ETL Using Pentaho(Spoon)
SCD Type 1:
New information simply overwrites the original information, don't keep old history or previous value of the record. This is the default type of dimension table or any table. if the table is updated do not need to specify any additional information to create a Type 1 SCD. It means no need of additional column in the dimension table.
This type is more useful whenever easy to maintain and is often use for data which changes are caused by processing corrections
e.g.
removal special characters
correcting spelling errors
incorrect mark entry in the student table.
After Appeal or Re_total or Repeating course mark may change.
Disadvantages:
All history to be lost. By applying this methodology, it is not possible to trace back in history. For example, in this case, it is not possible keep track what is the previous mark of the Sid 13, it will keep only the latest mark value.
Insert New Records
Sid | Sname | Mark1 | Grade | Result |
11 | Ambu | 89 | A | Pass |
12 | Meenu | 75 | B | Pass |
13 | Jasica | 45 | D | Fail |
Step 1: Using above data create student_scd1 table in oracle xe
create table student_scd1(sid number(5) not null,sname varchar2(15),mark1 number(5),result varchar2(10),grade varchar2(3));
insert into student_scd1 values(11,'Ambu',89,'Pass','A');
insert into student_scd1 values(12,'Meenu',75,'Pass','B');
insert into student_scd1 values(13,'Jasica',45,‘Fail',‘D');
select * from student_scd1;
Step 2: Create Student_dim_scd1 dimension table and insert the same values
create table student_dim_scd1(dim_sid number(5) not null, sname varchar2(15),mark1 number(5),result varchar2(10),grade varchar2(3));
insert into student_dim_scd1 values(11,'Ambu',89,'Pass','A');
insert into student_dim_scd1 values(12,'Meenu',75,'Pass','B');
insert into student_dim_scd1 values(13,'Jasica',45,'Fail','D');
select * from student_dim_scd1;
Step 6: In the Database connection new-->connection name "xe"--> Host name "local host" (system name it will differ computer-to-computer)->connection type=oracle-->Access="Active JDBC" --press the "Test" Button
Step 7 : Include the "SQL" statement with filed name or use * to include all the fields of the student_scd1 table.

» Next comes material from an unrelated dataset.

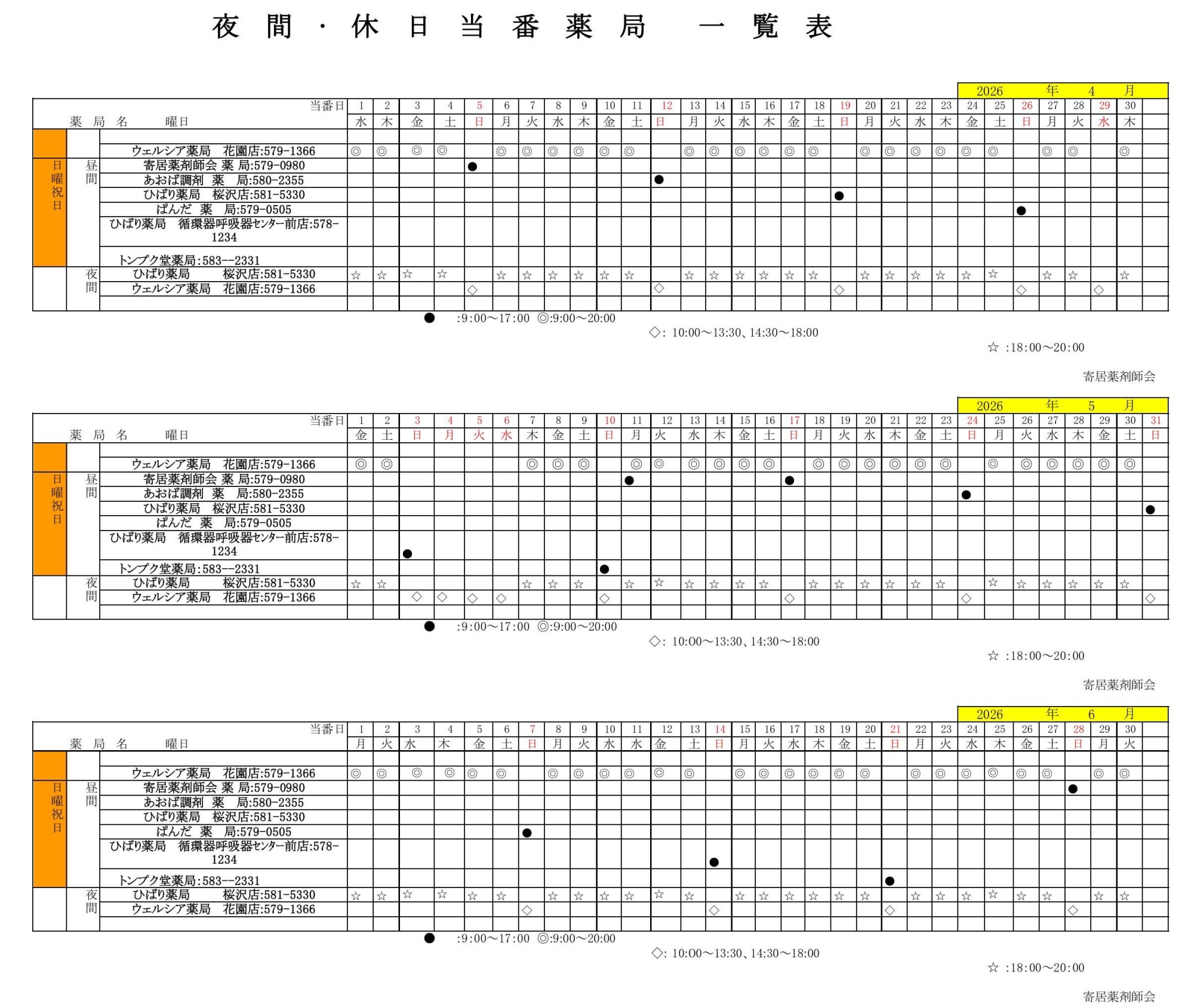 2026年4月~6月 夜間・休日当番薬局一覧表

Step 8 : Preview the data of SQL statement
Step 9: Select "insert/update" output and drag and place in the transformation
Step 10: Right Click the "Insert/Update" and fill the "Student_dim_scd1" dimension table information as given below
Step 11: Run the Transformation
Step 12: It will show "Launch" screen
Step 13: It will show the Execution Result
Step 14: preview the latest Data
Step 15: Now start SCD in the dimension, insert record in the base table student_scd1
Step 16: After insert in the oracle xe and run the transformation it automatically update the inserted record field in the student_scd1 table.
Step 17: Check the Execution Result
Step 18: In table student_dim_scd1 it automatically insert the new records
Exercise 1:
create table employ1(eid number(5) not null,ename varchar2(15),salary number(5));
insert into employ1 values(1001,'Alaa',1800)

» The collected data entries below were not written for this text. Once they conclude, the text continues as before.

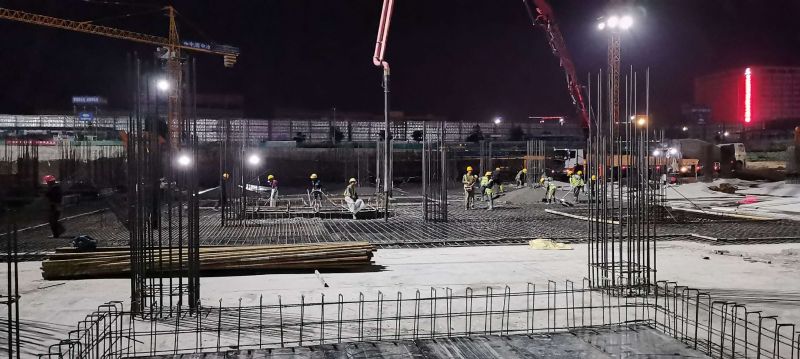 奧萊項目要在年底完成對地下部分的封頂,項目部每天安排值班人員對現場進行夜間旁站、監督。由于現場施工人員較多,流動性大,為做好現場管理,項目部人員積極與分包溝通,對作業人員進行安全交底,保證現場的施工能井然有序的進行。
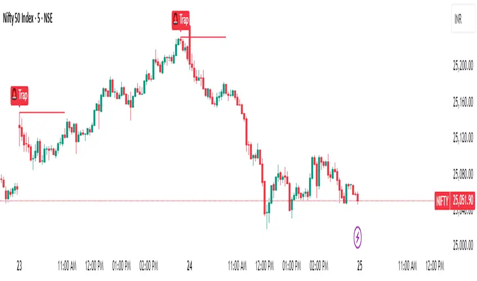 🟥 Red “🚨 Trap” labels above candles showing possible bull traps
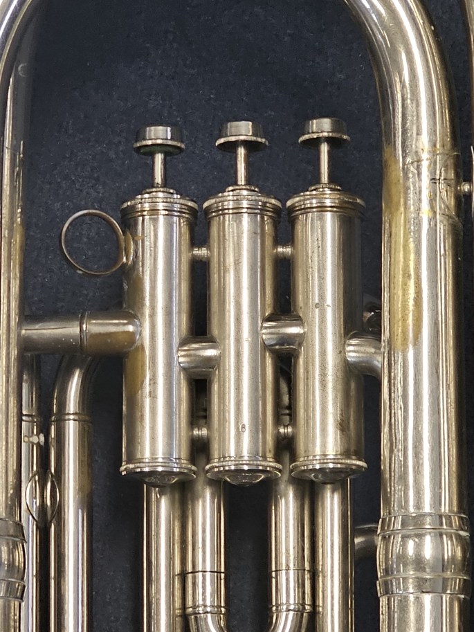 Een fraai gebouwde bastuba in Bes van C. Mahillon, een gerenommeerde historische Belgische bouwer die bekendstaat om zijn hoogwaardige koperblaasinstrumenten. Het instrument is geheel nagekeken en verkeert in een goede, goed bespeelbare conditie.
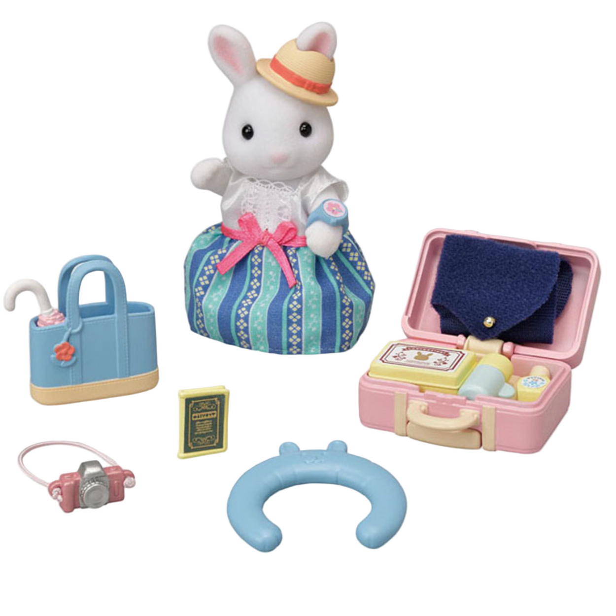 - Accessories include rolling suitcase, tote bag with parasol, neck pillow, camera, hat and sweater, watch and more!

insert into employ1 values(12,‘Ravi',1500);
select * from employ1;
create table emp_dim_scd1(dim_eid number(5) not null, ename varchar2(15),salary number(5));
insert into emp_dim_scd1 values(1001,'Alaa',1800)
insert into emp_dim_scd1 values(12,‘Ravi',1500);
select * from emp_dim_scd1;
Instruction :
•Create employ1, emp_dim_scd1 table in oracle_xe.

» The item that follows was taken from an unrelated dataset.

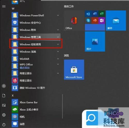 1. 进入到电脑菜单后,点击“windows轻松使用”;

• Using Spoon, include “table input” connect employ1 table,
•“insert/update” tag include emp_dim_scd1 dimension table, run the transformation and execute the result
• Insert into employ1(13,’Rajaa’,2400); record in the employ1 table, again execute the result in spoon
•Display emp_dim_scd1 dimension table newly inserted row details are included.